Exercise requirements: After locating the line that contains "خامة قطيفة تقيلة", give that line and all the rest through the end of the entries again exactly, leaving the pictures out.

Record extracts:
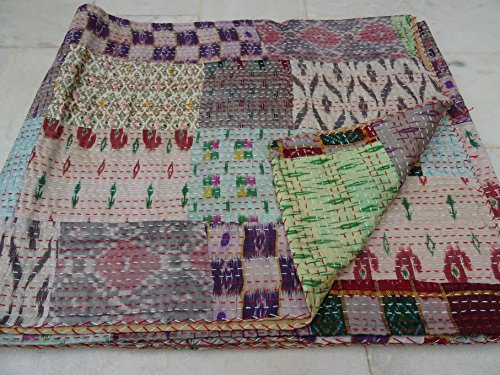 Sophia-Art Patola Couvre-lit en soie Kantha Couvre-lit patch...
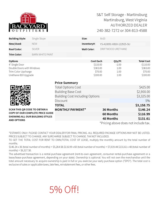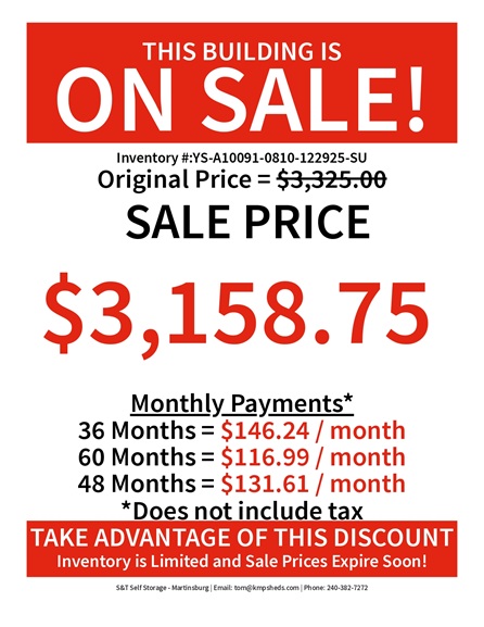 8×10 Single Slope building on sale in Martinsburg WV
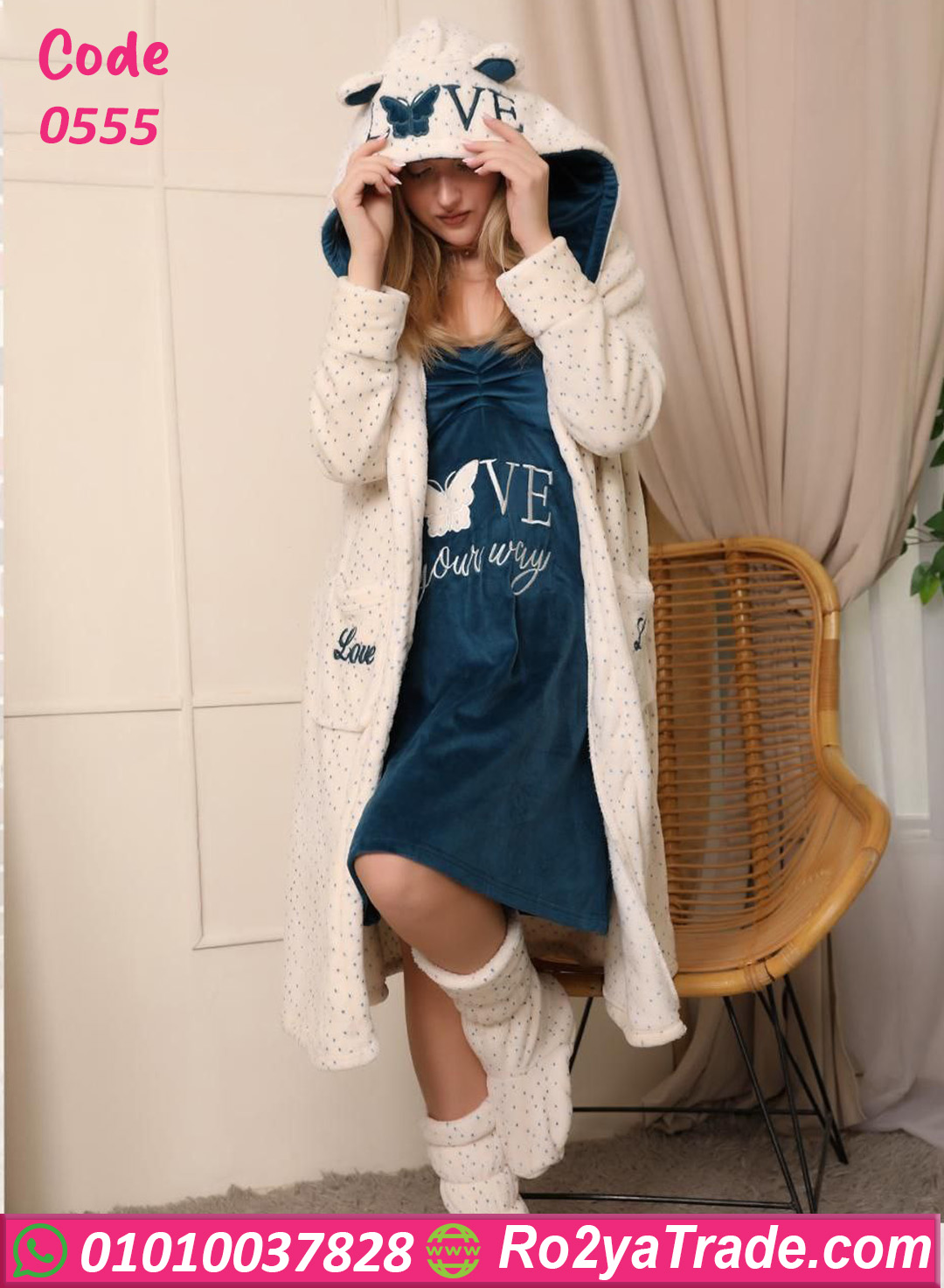 خامة قطيفة تقيلة ودافية جدًا تناسب أجواء الشتاء الباردة. التصميم أنثوي ومريح في نفس الوقت، الفستان بسيط والروب مزوّد بكابيشو شيك يدي شكل جذاب ودفا إضافي.
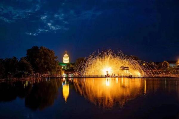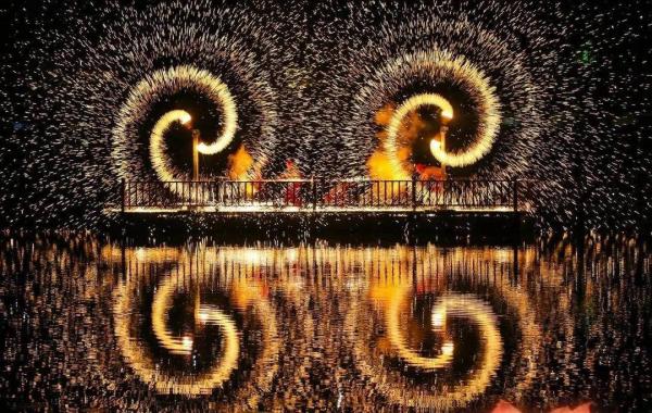 國家級非遺打鐵花技藝在漁灣景區(qū)獲得了前所未有的表達維度。這項始于北宋的古老技藝,曾只是單一的民俗表演,如今在數(shù)字技術(shù)的加持下煥發(fā)新生。2025版《夢幻漁灣》中,打鐵花已升級至2.0版本,與重慶銅梁火龍表演深度交融——表演者赤膊舞動噴火巨龍,在鐵花飛濺的夜空下騰挪跳躍,形成“火樹銀花龍在天”的奇觀。
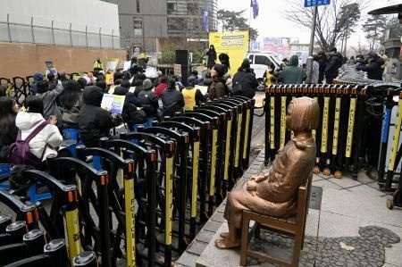 【高市 従軍慰安婦】 従軍慰安婦「日本軍性奴隷制問題解決のための正義記憶連帯」が少女像前で集会。 日本に謝罪を求める
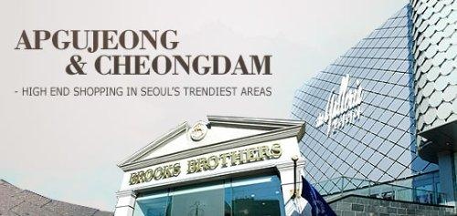 Apgujeong là một trong những khu mua sắm đắt đỏ hàng đầu Hàn Quốc, ở đây tập trung các nhãn hàng xa xỉ nhất thế giới như Louis Vuitton, Prada, Channel và những cửa hàng thời trang được trang trí độc đáo, lạ mắt.
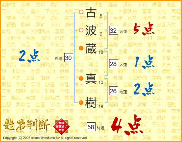 古(5画)波(9画)蔵(18画)  真(10画)樹(16画)
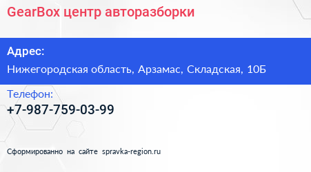 GearBox, центр авторазборки по адресу Нижегородская область, Арзамас, Складская, 10Б в дальнейшем Организация, размещена в следующих категориях:
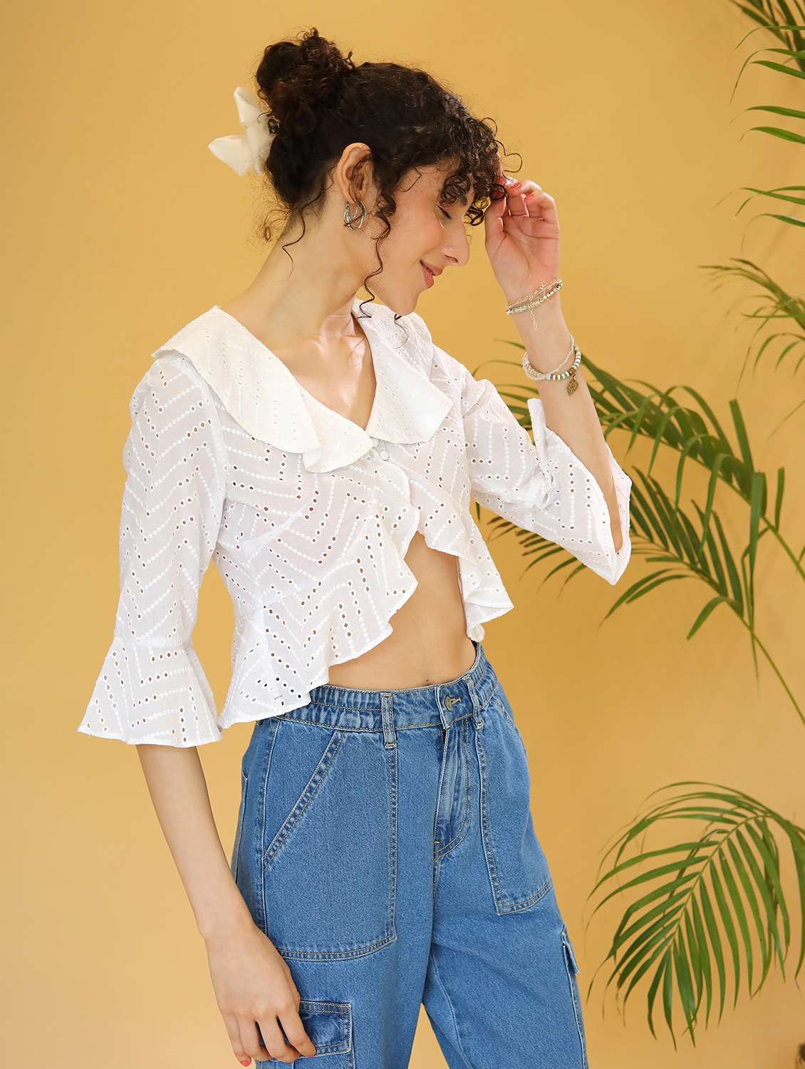women ruffled detailed schiffli high-low top - 21295243 -  Standard Image - 4 women ruffled detailed schiffli high-low top - 21295243 -  Zoom Image - 4
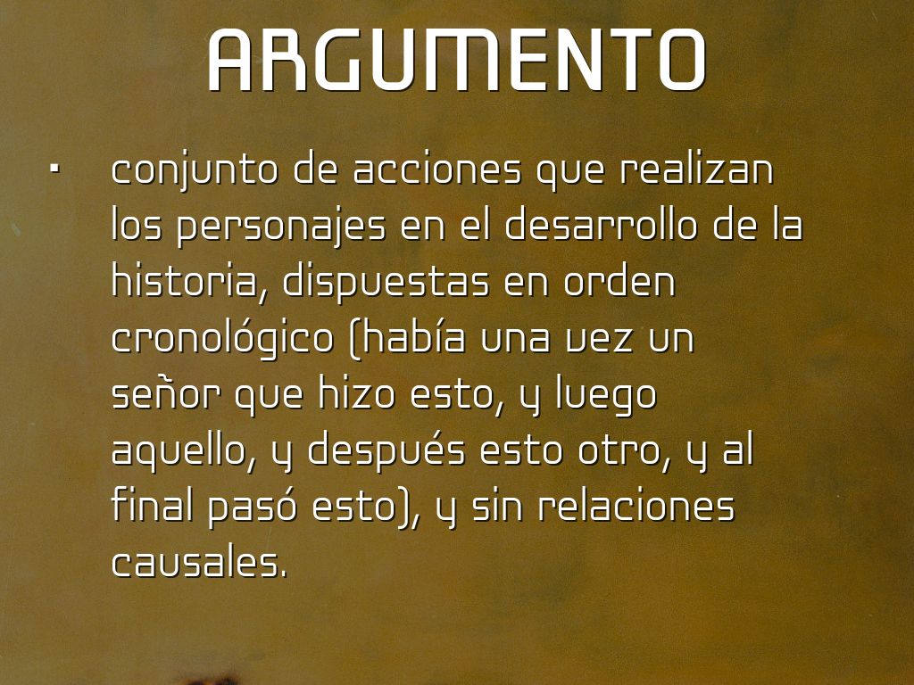 conjunto de acciones que realizan los personajes en el desarrollo de la historia, dispuestas en orden cronológico (había una vez un señor que hizo esto, y luego aquello, y después esto otro, y al final pasó esto), y sin relaciones causales.
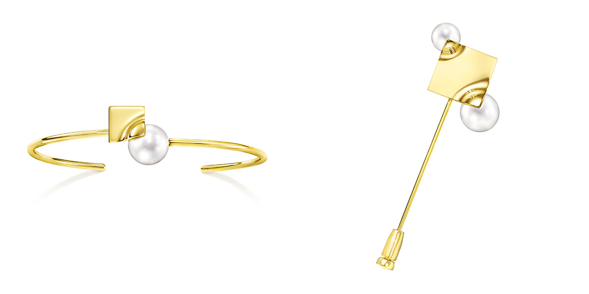 スクエア型のゴールドとパールを合わせたモダンなデザイン。左から「スクエアリーフ」ブレスレット(YG×淡水真珠)¥770,000、同 ブローチ(YG×淡水真珠)¥308,000/以上タサキ
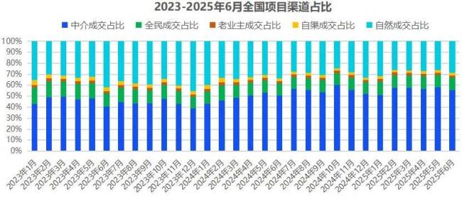 从上半年的数据看,与24年同期相比,中介带客涨幅约5%,且一直居高不下,而相对应的自然成交同比下滑5.1%,可见中介绑架的局面仍在不断扩大。

Task result:
 خامة قطيفة تقيلة ودافية جدًا تناسب أجواء الشتاء الباردة. التصميم أنثوي ومريح في نفس الوقت، الفستان بسيط والروب مزوّد بكابيشو شيك يدي شكل جذاب ودفا إضافي.
 國家級非遺打鐵花技藝在漁灣景區(qū)獲得了前所未有的表達維度。這項始于北宋的古老技藝,曾只是單一的民俗表演,如今在數(shù)字技術(shù)的加持下煥發(fā)新生。2025版《夢幻漁灣》中,打鐵花已升級至2.0版本,與重慶銅梁火龍表演深度交融——表演者赤膊舞動噴火巨龍,在鐵花飛濺的夜空下騰挪跳躍,形成“火樹銀花龍在天”的奇觀。
 【高市 従軍慰安婦】 従軍慰安婦「日本軍性奴隷制問題解決のための正義記憶連帯」が少女像前で集会。 日本に謝罪を求める
 Apgujeong là một trong những khu mua sắm đắt đỏ hàng đầu Hàn Quốc, ở đây tập trung các nhãn hàng xa xỉ nhất thế giới như Louis Vuitton, Prada, Channel và những cửa hàng thời trang được trang trí độc đáo, lạ mắt.
 古(5画)波(9画)蔵(18画)  真(10画)樹(16画)
 GearBox, центр авторазборки по адресу Нижегородская область, Арзамас, Складская, 10Б в дальнейшем Организация, размещена в следующих категориях:
women ruffled detailed schiffli high-low top - 21295243 -  Standard Image - 4 women ruffled detailed schiffli high-low top - 21295243 -  Zoom Image - 4
 conjunto de acciones que realizan los personajes en el desarrollo de la historia, dispuestas en orden cronológico (había una vez un señor que hizo esto, y luego aquello, y después esto otro, y al final pasó esto), y sin relaciones causales.
 スクエア型のゴールドとパールを合わせたモダンなデザイン。左から「スクエアリーフ」ブレスレット(YG×淡水真珠)¥770,000、同 ブローチ(YG×淡水真珠)¥308,000/以上タサキ
 从上半年的数据看,与24年同期相比,中介带客涨幅约5%,且一直居高不下,而相对应的自然成交同比下滑5.1%,可见中介绑架的局面仍在不断扩大。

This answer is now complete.